Tlaib, of course, will not be the first to use Jefferson's Koran for the swearing-in -- Keith Ellison used it, amidst all kinds of discussion and debate back in 2007. At the time, Ellison said his use of Jefferson's Koran
demonstrates that from the very beginning of our country, we had people who were visionary, who were religiously tolerant, who believed that knowledge and wisdom could be gleaned from any number of sources, including the Koran.
Two volume set of the Koran, translated by George Sale Snapshot from YouTube video |
Yair Rosenberg touches upon the use of Jefferson's Koran, noting the complicated history of Thomas Jefferson’s Koran. The complication is that Jefferson's copy of George Sale's 1734 translation of the Koran has the following introduction:
“Whatever use an impartial version of the Korân may be of in other respects, it is absolutely necessary to undeceive those who, from the ignorant or unfair translations which have appeared, have entertained too favourable an opinion of the original, and also to enable us effectually to expose the imposture.”According to Rosenberg, this original intent of Sale's edition of the Koran to convert Muslims makes its use "particularly appropriate for this occasion, not in spite of the prejudice within it, but because of it." That is because it serves as a reminder that Islam has been part of American history from its beginning, while on the other hand, Sale’s translation reminds us of the fear and misunderstanding of Muslims.
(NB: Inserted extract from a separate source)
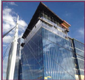
DaVita World Headquarters

The building enclosure represents the first, last and only line of defense separating the conditioned interior building space from the exterior elements. It controls heat flow, moisture flow and air flow. In addition to being a primary component for energy efficiency in a building and controlling occupant comfort, it must also provide protection from rain, snow, hail, wind, water vapor migration, dust, pollutants, and allergens. During this informative lunch & learn presentation, Pie will discuss the emerging trend of building enclosure commissioning (BECx), as well as air barriers and whole building air tightness testing requirements such as those required by the U.S Army Corps of Engineers, GSA, and other organizations.

Fair enough. Islam has been part of US history from the beginning -- but how?
And might there have been any other motivation for Jefferson to own a copy of the Koran?
Joshua E. London, author of the book "Victory in Tripoli: How America's War with the Barbary Pirates Established the U.S. Navy and Shaped a Nation" wrote an article back in 2005 about that part of US history in an article, "America’s Earliest Terrorists Lessons from America’s first war against Islamic terror."
Some background from Mr. London:
The Barbary states, modern-day Morocco, Algeria, Tunisia, and Libya, are collectively known to the Arab world as the Maghrib (“Land of Sunset”), denoting Islam’s territorial holdings west of Egypt. With the advance of Mohammed’s armies into the Christian Levant in the seventh century, the Mediterranean was slowly transformed into the backwater frontier of the battles between crescent and cross. Battles raged on both land and sea, and religious piracy flourished.In 1786, a meeting was arranged in London for Thomas Jefferson and John Adams with Sidi Haji Abdul Rahman Adja, the Tripolitan ambassador to Britain in order to negotiate a peace treaty protecting the US from the threat of Barbary piracy.
The Maghrib served as a staging ground for Muslim piracy throughout the Mediterranean, and even parts of the Atlantic. America’s struggle with the terror of Muslim piracy from the Barbary states began soon after the 13 colonies declared their independence from Britain in 1776, and continued for roughly four decades, finally ending in 1815.
During the meeting
These future United States presidents questioned the ambassador as to why his government was so hostile to the new American republic even though America had done nothing to provoke any such animosity. Ambassador Adja answered them, as they reported to the Continental Congress, “that it was founded on the Laws of their Prophet, that it was written in their Koran, that all nations who should not have acknowledged their authority were sinners, that it was their right and duty to make war upon them wherever they could be found, and to make slaves of all they could take as Prisoners, and that every Musselman who should be slain in Battle was sure to go to Paradise.”London emphasizes that this all happened long before Western colonialism made its way to Muslim lands -- before oil interests drew the US in and long before the re-establishment of Israel.
There is more to that copy of the Koran than an intent to convert Muslims.
Here is 4-minute video with more background on why Jefferson actually read the Koran:
You cannot argue about the Crusades without noting the conquests of the Islamic empire into Northern Europe. Similarly, you cannot properly appreciate the complexity of the symbolism of Jefferson's Koran without noting the history of the Barbary pirates and their jihad against the United States.
You need the balance from both sides of the story in order to appreciate just how complex and multifaceted a symbol Jefferson's Koran really is.